Reproduce only this range: the line holding "GB/T 26237.9-2014 pdf下载" through the last line of the data below, both included, exactly, with no pictures.

Stored data:
================

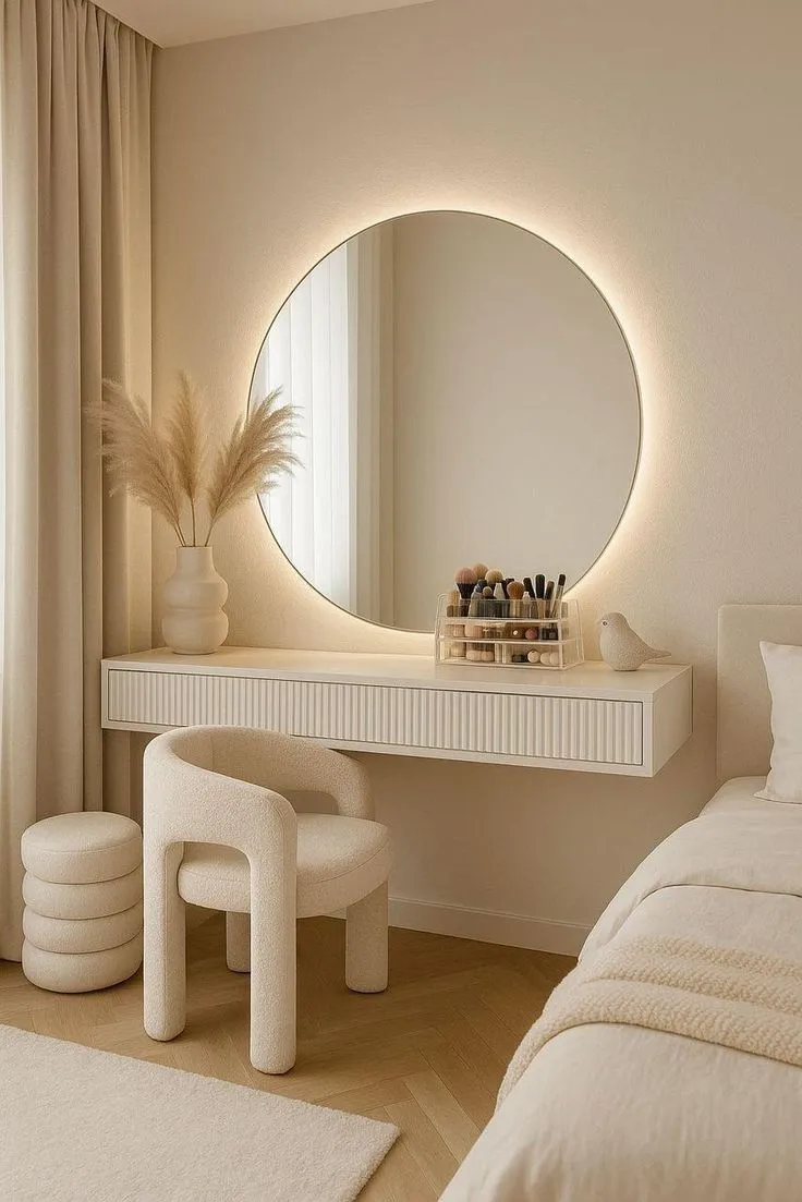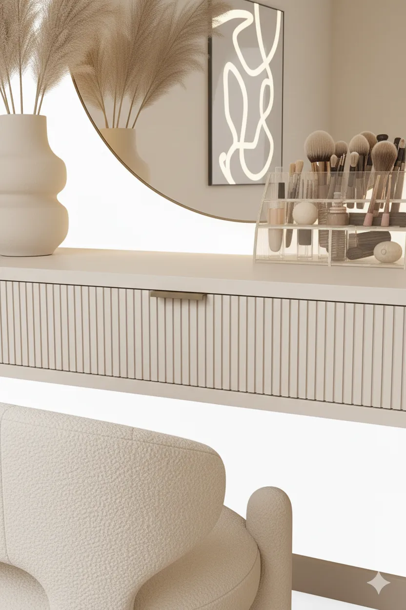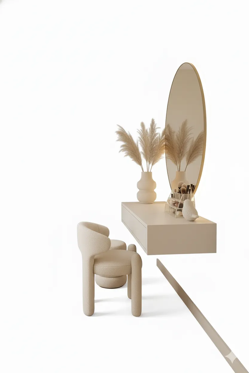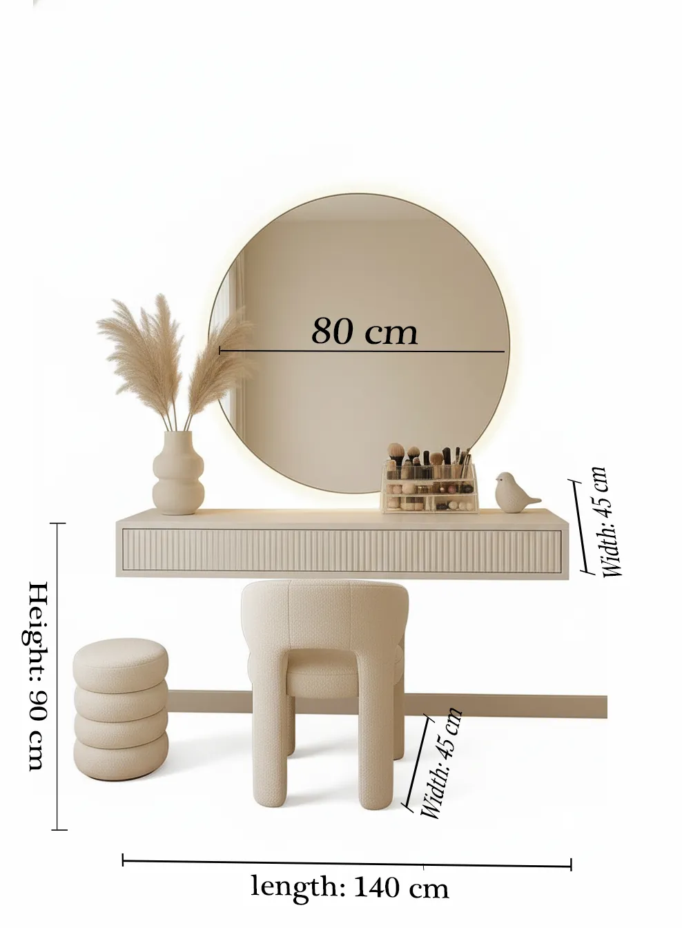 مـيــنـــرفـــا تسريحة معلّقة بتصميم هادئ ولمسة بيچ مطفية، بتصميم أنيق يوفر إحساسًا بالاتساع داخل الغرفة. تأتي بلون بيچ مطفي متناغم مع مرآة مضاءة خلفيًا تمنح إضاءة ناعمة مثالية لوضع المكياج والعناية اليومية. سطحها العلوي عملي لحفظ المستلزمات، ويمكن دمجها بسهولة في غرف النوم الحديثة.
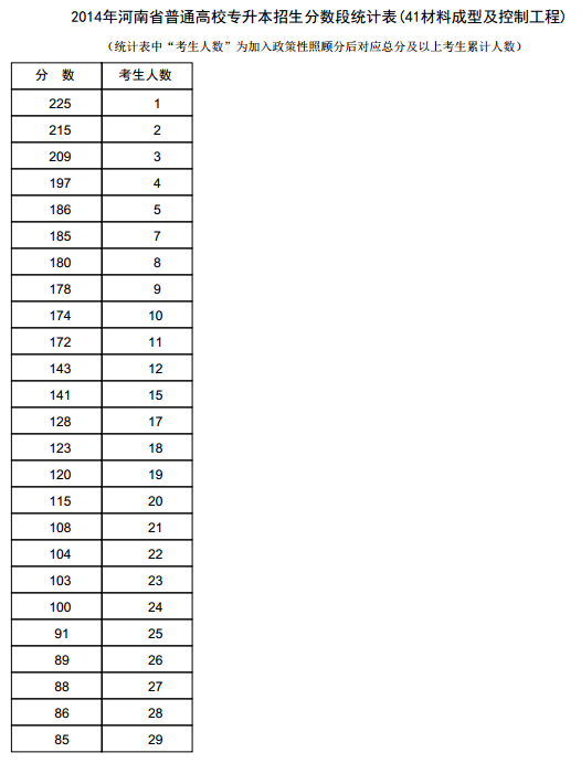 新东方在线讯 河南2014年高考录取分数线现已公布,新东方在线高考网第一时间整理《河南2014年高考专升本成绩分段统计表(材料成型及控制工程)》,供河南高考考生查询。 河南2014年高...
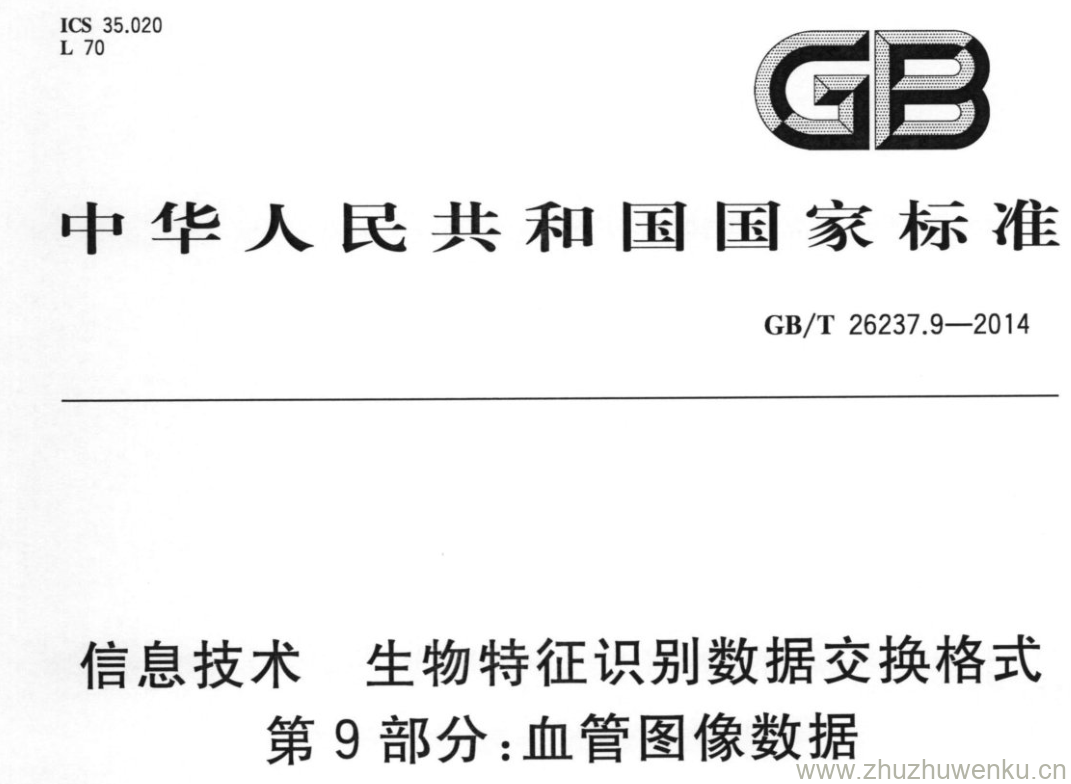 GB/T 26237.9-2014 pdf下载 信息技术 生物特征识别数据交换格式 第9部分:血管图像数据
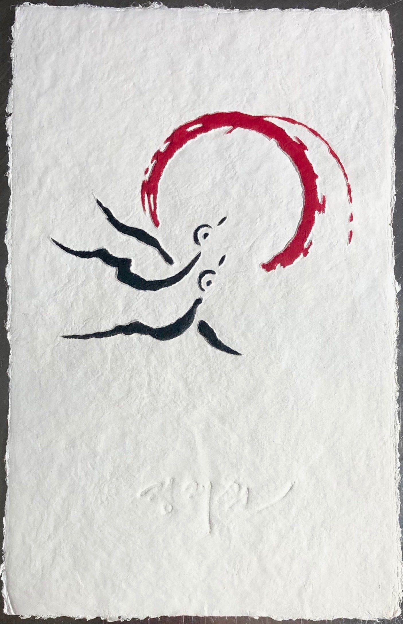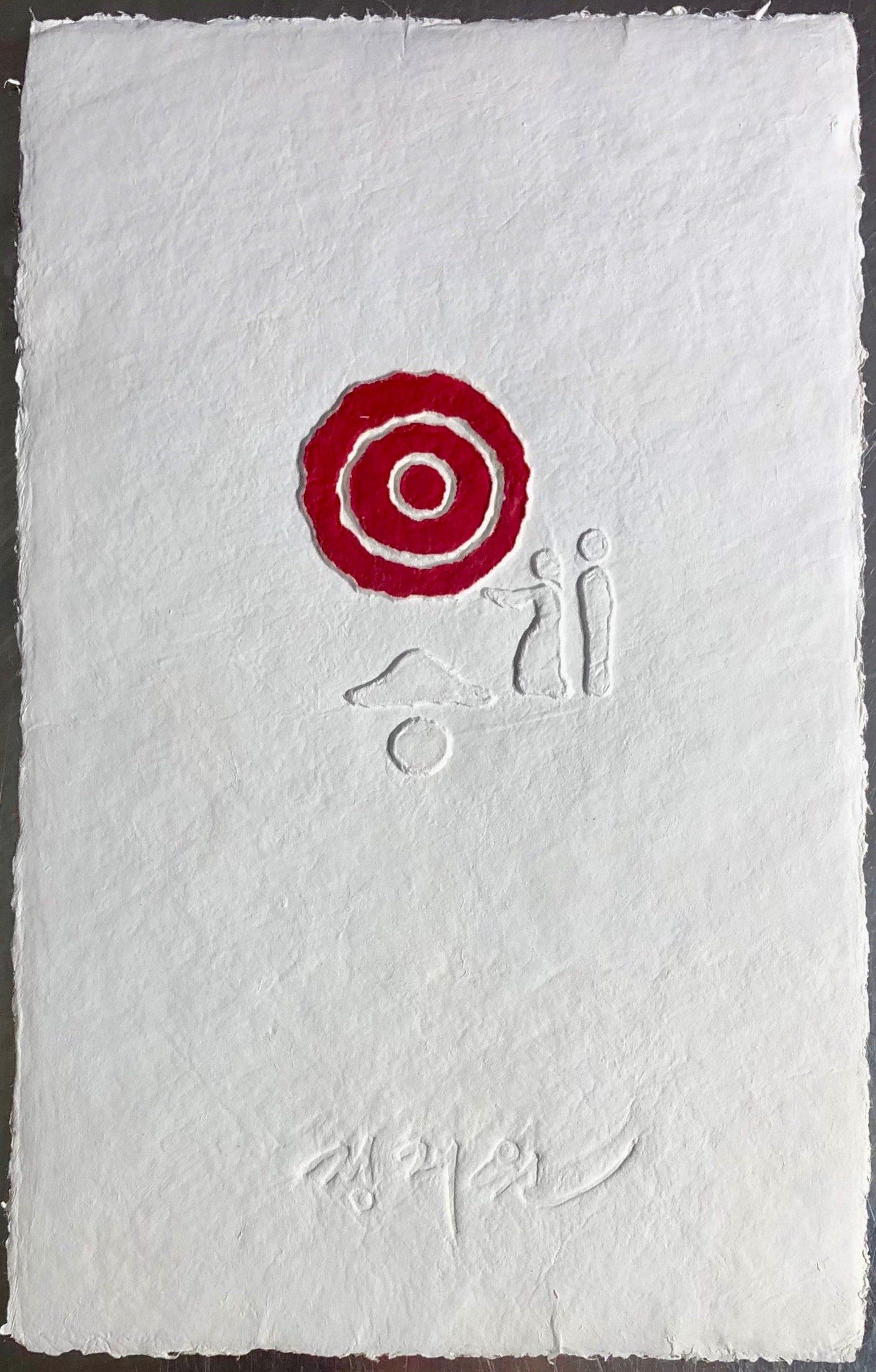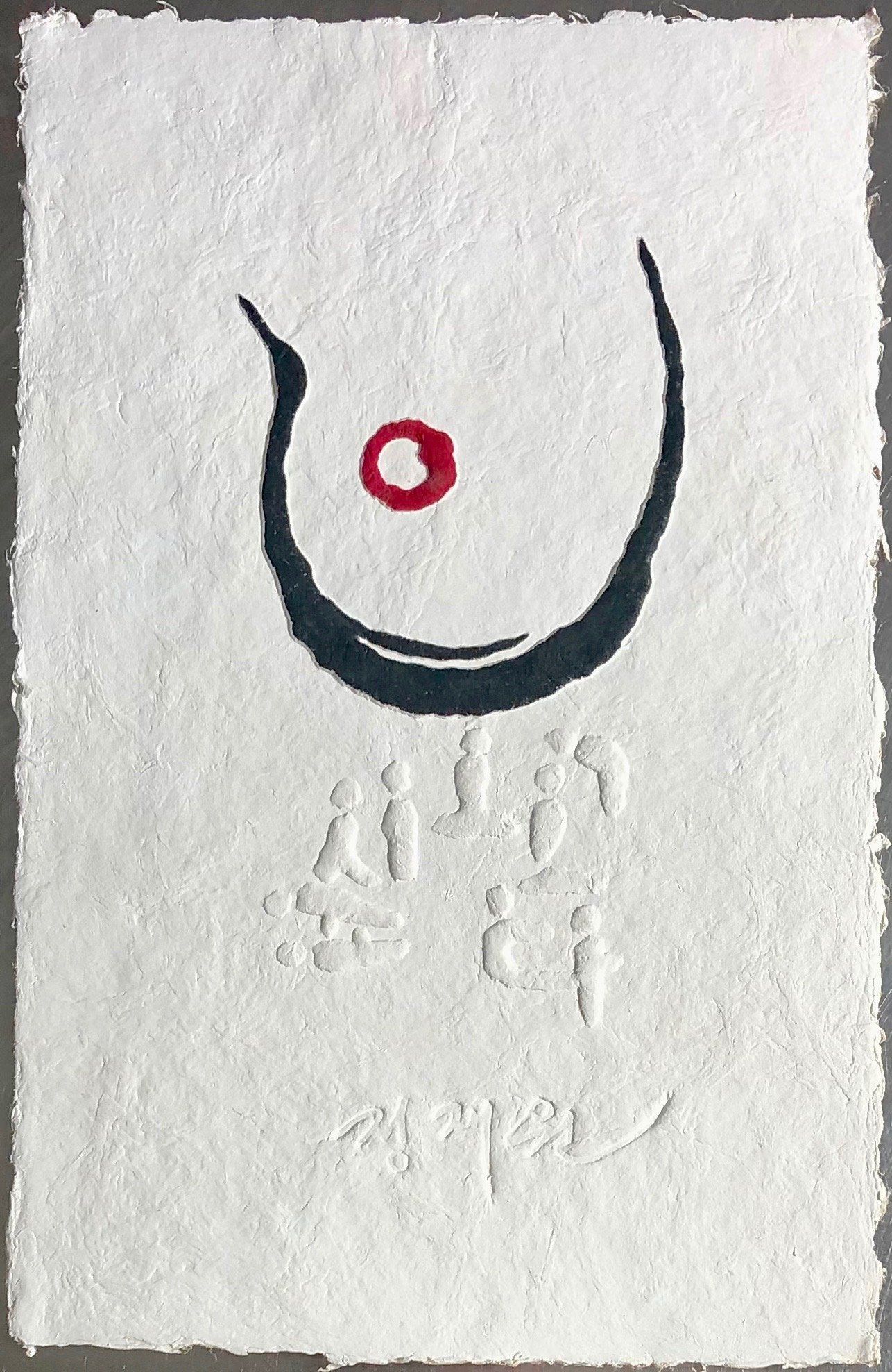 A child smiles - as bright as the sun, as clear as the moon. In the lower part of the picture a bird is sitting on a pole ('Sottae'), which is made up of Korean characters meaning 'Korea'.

================

Answer to this exercise:
 GB/T 26237.9-2014 pdf下载 信息技术 生物特征识别数据交换格式 第9部分:血管图像数据
 A child smiles - as bright as the sun, as clear as the moon. In the lower part of the picture a bird is sitting on a pole ('Sottae'), which is made up of Korean characters meaning 'Korea'.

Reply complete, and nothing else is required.